Recently, the chair of the faculty senate at my institution began an effort to systematically address issues of faculty bullying/harassment. In particular (but not exclusively), we are worried about the exploitation of non-tenured and non-tenure-track faculty by senior tenured faculty. The institution has a policy on employee-employee harassment that is vague - something like "all employees have the right to be treated respectfully. The institution will have a process to address claims of harassment."

The institution does not have a process beyond 1) informally complain to the deans and 2) file a formal complaint with HR. The second process is a matter of record keeping and thus does not lead to negotiation and resolution except for egregious and repeated offenders. The first process is not formal, so each dean handles cases as he/she sees fit.

We are seeking to propose a process and are looking for research on best practices. We are aware of the ombuds model that some institutions use. Are there other models? Has research been done on how effective they are?

Note: We are only concerned with non-sexual harassment, like "I will not support your application for tenure unless you X," where X is some activity not normally required for tenure, like teach a number of extra courses without pay, perform clerical duties for other faculty, etc. It also includes abuse of full-time and part-time adjuncts - "We won't renew your contract unless you do X," again where X is not in their original contract. Our institution has very clear and legally mandated processes for addressing sexual harassment.

  • At some institutions a faculty union might represent faculty members who have a grievance. I doubt that helps since you probably will not wish to create a union for this purpose. Oct 14, 2014 at 21:11
  • Perhaps AAUP could help you answer this question. If not, I suggest checking faculty handbooks from institutions similar to yours. Oct 14, 2014 at 21:12
  • I'd say one of the keys to a successful system is that one only needs to file a complaint, after which the system takes care it is being properly handled. If the person filing the complaint has to very carefully track the already difficult process then it is prone to leaving cases unsolved. Also, a junior researcher might not be willing to take a "risk" complaining - you should give the possibility for others to take action too. Option of (some) anonymity would then be a +.
    – mmh
    Oct 17, 2014 at 18:11
  • Would an answer with specific examples of policies and procedures be acceptable?
    – user21984
    Oct 18, 2014 at 0:21
  • 1
    In lieu of best practices, I will accept an answer with policies and procedures as long as it contains some research data on effectiveness. For example, what percent of faculty participating in the process feel that their issues have been resolved [Likert Scale]? Also, was there a change in culture (i.e. number of reported incidences of harassment/bullying) before and after? Etc.
    – Ben Norris
    Oct 20, 2014 at 10:16

1 Answer 1


This is just some examples of preventative actions that I have encountered as an Adjunct in an Australian University.

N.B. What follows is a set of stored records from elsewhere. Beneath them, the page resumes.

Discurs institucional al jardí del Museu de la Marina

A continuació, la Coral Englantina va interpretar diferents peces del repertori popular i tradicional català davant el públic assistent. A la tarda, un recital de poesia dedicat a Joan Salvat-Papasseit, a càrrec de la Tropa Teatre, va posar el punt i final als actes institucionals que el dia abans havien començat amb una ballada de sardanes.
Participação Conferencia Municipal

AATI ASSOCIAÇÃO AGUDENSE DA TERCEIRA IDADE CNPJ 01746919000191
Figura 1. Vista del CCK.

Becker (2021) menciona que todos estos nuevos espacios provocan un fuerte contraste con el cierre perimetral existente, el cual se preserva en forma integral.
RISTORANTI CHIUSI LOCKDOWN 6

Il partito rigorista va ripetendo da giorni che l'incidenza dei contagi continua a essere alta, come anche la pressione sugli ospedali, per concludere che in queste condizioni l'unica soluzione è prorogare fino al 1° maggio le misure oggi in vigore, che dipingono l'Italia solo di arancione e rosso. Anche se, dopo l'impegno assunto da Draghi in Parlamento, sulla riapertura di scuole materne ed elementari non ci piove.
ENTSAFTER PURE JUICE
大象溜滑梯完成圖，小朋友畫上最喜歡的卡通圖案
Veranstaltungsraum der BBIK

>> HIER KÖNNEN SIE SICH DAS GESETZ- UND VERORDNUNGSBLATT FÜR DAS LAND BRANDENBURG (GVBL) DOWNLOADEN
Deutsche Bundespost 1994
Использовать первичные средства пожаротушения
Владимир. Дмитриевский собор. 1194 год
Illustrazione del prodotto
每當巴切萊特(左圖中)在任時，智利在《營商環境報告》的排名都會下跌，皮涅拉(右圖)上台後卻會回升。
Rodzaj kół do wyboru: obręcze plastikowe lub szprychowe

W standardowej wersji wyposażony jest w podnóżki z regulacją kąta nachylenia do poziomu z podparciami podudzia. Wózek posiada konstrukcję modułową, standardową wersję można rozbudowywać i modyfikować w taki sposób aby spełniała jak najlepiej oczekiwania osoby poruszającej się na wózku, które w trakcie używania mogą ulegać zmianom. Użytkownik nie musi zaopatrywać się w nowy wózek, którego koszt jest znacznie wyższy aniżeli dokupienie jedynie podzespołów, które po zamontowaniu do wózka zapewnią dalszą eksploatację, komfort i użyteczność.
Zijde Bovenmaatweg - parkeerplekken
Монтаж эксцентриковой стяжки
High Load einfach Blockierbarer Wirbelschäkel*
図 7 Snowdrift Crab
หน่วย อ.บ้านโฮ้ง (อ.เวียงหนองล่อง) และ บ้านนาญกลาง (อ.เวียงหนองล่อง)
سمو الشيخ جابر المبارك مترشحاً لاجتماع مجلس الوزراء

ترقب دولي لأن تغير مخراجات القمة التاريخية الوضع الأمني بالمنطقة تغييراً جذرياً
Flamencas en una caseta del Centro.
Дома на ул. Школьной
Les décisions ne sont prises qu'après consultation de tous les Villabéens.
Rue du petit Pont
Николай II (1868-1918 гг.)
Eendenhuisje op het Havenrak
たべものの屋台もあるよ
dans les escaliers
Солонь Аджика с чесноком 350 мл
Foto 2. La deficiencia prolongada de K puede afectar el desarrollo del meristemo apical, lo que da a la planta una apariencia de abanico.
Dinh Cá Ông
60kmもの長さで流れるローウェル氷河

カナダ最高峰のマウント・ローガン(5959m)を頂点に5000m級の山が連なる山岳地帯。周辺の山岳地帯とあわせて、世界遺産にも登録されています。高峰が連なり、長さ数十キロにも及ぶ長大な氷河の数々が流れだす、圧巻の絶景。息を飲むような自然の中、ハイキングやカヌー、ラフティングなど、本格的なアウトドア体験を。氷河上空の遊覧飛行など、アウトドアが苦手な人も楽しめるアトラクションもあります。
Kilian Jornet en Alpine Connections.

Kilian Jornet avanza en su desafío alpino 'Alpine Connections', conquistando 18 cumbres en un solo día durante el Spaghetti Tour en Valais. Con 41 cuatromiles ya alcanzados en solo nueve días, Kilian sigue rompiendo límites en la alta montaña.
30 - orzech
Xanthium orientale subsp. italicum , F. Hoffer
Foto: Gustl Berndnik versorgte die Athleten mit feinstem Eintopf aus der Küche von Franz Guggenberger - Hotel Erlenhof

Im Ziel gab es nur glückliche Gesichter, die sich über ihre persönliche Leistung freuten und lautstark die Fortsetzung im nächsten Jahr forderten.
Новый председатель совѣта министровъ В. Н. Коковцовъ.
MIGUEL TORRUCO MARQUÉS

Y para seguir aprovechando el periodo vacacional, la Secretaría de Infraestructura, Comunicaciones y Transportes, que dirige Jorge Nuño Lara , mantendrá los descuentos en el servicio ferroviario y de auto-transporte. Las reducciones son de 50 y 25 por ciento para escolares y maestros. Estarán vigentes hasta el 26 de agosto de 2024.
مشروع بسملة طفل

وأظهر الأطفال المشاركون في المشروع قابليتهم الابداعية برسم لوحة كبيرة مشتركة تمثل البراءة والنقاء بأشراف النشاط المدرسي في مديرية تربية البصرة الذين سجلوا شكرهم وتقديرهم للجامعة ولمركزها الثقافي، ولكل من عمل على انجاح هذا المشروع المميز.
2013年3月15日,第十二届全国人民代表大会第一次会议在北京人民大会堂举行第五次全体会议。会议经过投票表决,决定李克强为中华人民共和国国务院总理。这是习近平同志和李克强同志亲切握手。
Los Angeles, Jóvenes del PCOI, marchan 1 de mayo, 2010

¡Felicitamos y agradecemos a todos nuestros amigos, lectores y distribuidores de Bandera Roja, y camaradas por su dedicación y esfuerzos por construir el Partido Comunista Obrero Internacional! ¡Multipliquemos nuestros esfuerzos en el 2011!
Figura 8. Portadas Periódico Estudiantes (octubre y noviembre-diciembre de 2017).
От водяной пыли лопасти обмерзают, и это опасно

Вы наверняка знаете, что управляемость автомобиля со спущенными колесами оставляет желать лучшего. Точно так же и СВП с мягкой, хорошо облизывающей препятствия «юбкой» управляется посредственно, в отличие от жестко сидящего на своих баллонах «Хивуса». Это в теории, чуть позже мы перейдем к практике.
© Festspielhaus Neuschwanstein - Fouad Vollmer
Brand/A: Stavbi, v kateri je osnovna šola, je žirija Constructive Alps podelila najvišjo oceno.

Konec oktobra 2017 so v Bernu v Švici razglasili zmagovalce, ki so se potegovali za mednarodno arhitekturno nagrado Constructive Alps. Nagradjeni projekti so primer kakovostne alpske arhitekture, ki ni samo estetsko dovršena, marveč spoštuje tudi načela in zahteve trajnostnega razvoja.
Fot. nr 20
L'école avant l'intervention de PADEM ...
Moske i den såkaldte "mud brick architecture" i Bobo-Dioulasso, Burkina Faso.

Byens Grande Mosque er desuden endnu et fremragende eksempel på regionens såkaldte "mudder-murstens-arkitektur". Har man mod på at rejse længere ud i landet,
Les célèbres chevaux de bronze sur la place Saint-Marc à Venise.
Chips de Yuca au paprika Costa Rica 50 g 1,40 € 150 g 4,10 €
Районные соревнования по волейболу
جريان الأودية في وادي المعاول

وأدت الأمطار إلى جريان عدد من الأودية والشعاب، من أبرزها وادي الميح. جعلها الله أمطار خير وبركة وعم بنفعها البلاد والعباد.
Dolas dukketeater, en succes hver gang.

One method employed by my and many other universities is for any existing or new member of staff to undergo training, of which anti-bullying and anti-harrassment modules are undertaken, an example is from the University of Western Sydney - the page has the modules, but also includes a workplace agreement page and information about the procedures are if you find yourself being bullied. These procedures are linked with the state/national legal framework already in place, such as Australia's Fair Work Commission. Another example is from the University of Western Australia and a very extensive policy document from the University of Adelaide.

Many Universities have adopted a 'zero tolerance' policy, such as in the anti-bullying document from the University of Newcastle.

An example of a 'best practices' guide, is the University of Western Sydney's document UWS Workplace Bullying Prevention Action Plan 2014 - 2016, in response to

In 2012, the University conducted a staff engagement survey on a range of management and human resource practices. Although 62% of staff agreed that UWS was adequately responding to bullying and abusive behaviours, this was highlighted as a potential area of organisational risk for the University

In Appendix A of the document, they extensively outline the 'Best Practices' for preventing bullying at the University, through evaluating and controlling the risk of bullying, which must be done in a clear an unambiguous way with a core emphasis on preventative measures. As it is a new document, no data is yet available about its effectiveness.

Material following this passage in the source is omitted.